==== Supplied records

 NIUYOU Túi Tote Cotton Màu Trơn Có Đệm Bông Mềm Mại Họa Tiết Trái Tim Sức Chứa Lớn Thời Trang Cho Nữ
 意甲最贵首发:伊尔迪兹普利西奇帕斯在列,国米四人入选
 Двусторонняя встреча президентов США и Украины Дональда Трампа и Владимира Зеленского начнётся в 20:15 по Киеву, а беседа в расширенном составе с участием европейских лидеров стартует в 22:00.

========
==== Supplied records

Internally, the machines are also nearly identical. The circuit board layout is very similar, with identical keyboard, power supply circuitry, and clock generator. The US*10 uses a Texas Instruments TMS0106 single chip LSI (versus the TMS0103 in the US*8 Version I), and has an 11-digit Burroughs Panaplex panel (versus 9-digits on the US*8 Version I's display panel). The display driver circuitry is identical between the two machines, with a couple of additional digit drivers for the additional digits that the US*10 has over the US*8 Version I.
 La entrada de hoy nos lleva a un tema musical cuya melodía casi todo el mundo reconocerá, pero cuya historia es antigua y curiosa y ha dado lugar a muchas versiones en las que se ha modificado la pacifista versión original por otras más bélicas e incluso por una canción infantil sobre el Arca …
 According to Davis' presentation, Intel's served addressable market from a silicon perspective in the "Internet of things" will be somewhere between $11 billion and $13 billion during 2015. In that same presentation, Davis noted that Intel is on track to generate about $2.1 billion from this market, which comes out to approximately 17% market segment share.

========

Assignment: The expected output is one number: how many lines of the data above hold the string "between".

Response to this task: 2